The American Puritan Elegy

Jeffrey Hammond’s study takes an anthropological approach to the most popular form of poetry in early New England - the funeral elegy. Hammond reconstructs the historical, theological and cultural contexts of these poems to demonstrate how they responded to a specific process of mourning defined by Puritan views on death and grief. The elegies emerge, he argues, not as ‘poems’ to be read and appreciated in a post-Romantic sense, but as performative scripts that consoled readers by shaping their experience of loss in accordance with theological expectation. Read in the framework of their own time and place, the elegies shed new light on the emotional dimension of Puritanism and the important role of ritual in Puritan culture. Hammond’s book reassesses a body of poems whose importance in their own time has been obscured by almost total neglect in ours. It represents the first full-length study of its kind in English.
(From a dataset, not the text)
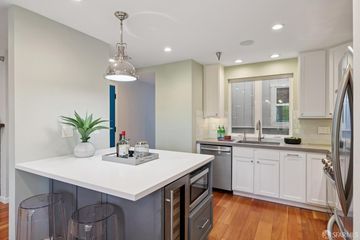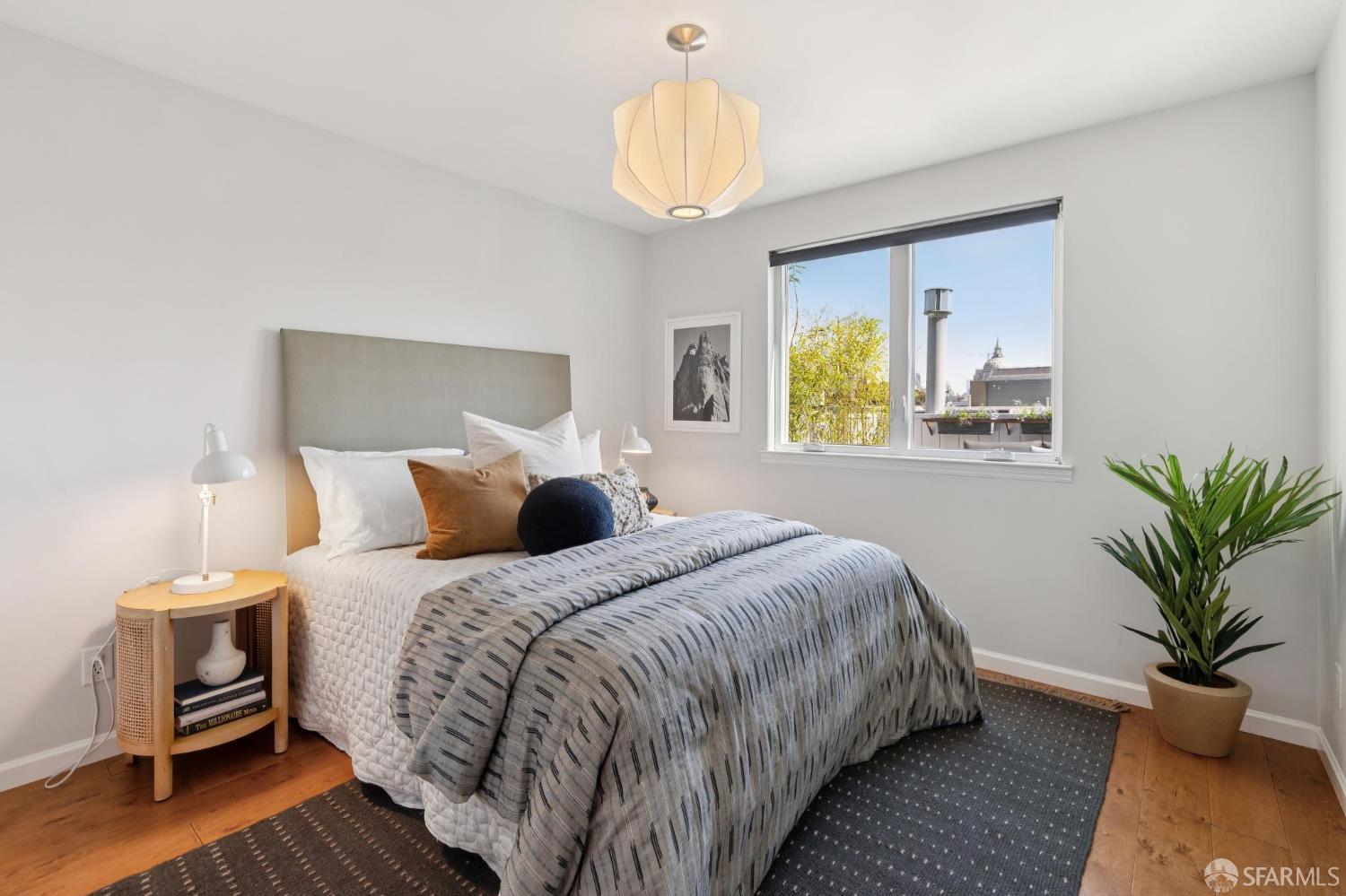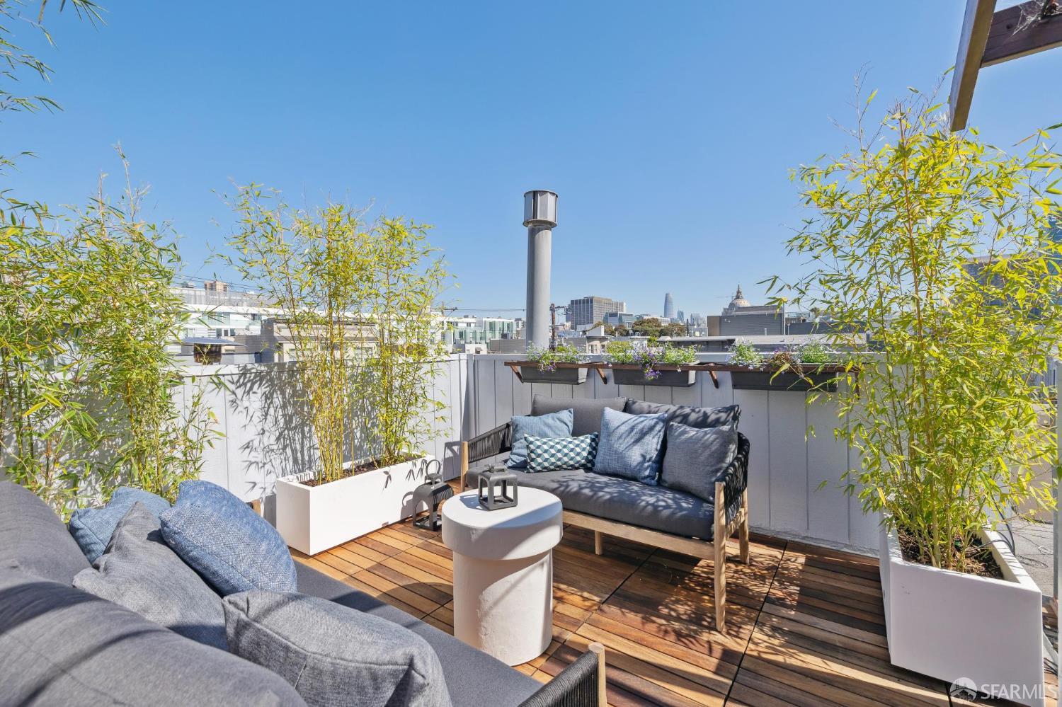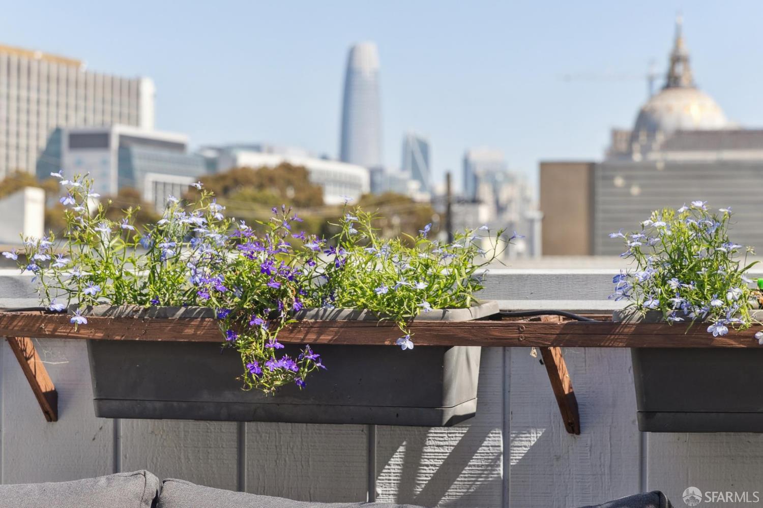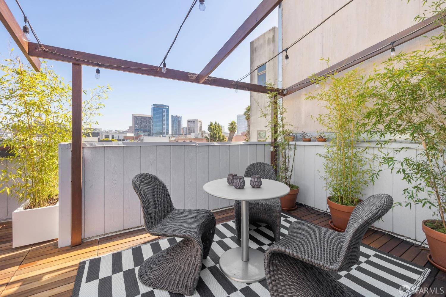 This beautifully remodeled top floor flat is nestled in a boutique three-unit building. Located just one block from the renowned Hayes Valley shops, restaurants and the new Trader Joes, this home places you at the heart of one of San Francisco's most desirable neighborhoods. This urban retreat has a spacious deck with Bison IPE tiles that receives abundant sunlight and offers captivating views of the surrounding neighborhood, including the iconic gold-accented roof of City Hall. The open-concept floorplan highlights beautiful wood flooring, built-in speakers and new lighting fixtures creating a welcoming atmosphere ideal for hosting guests. The remodeled kitchen features a large island, sleek quartz counters, wine fridge and a striking glass tile backsplash. The inviting living room offers a wood burning fireplace for cozy evenings while the dining room has lovely city views. Both bathrooms have been remodeled with quartz counters and Fire Clay Tile. Lighting throughout the residence has been exclusively upgraded with fixtures from Herman Miller, Rejuvenation and Schoolhouse Electric. The Building improvements consist of a newer roof, windows, exterior paint and siding. Laundry, storage,& deck irrigation included.

• First book-length study in English on a neglected body of poems • First book to take an anthropological approach to Puritan funeral elegies; provides historical, theological and cultural context • Sheds new light on the emotional dimension of Puritanism

Contents

Introduction; 1. Monuments enduring and otherwise; 2. Toward an anthropology of Puritan reading; 3. Weep for yourselves; the Puritan theology of mourning; 4. This potent fence: the holy sin of grief; 5. Lord, is it I?: Christic saints and apostolic mourners; 6. Diffusing all by pattern: the reading of saintly lives; Epilogue: aestheticizing loss.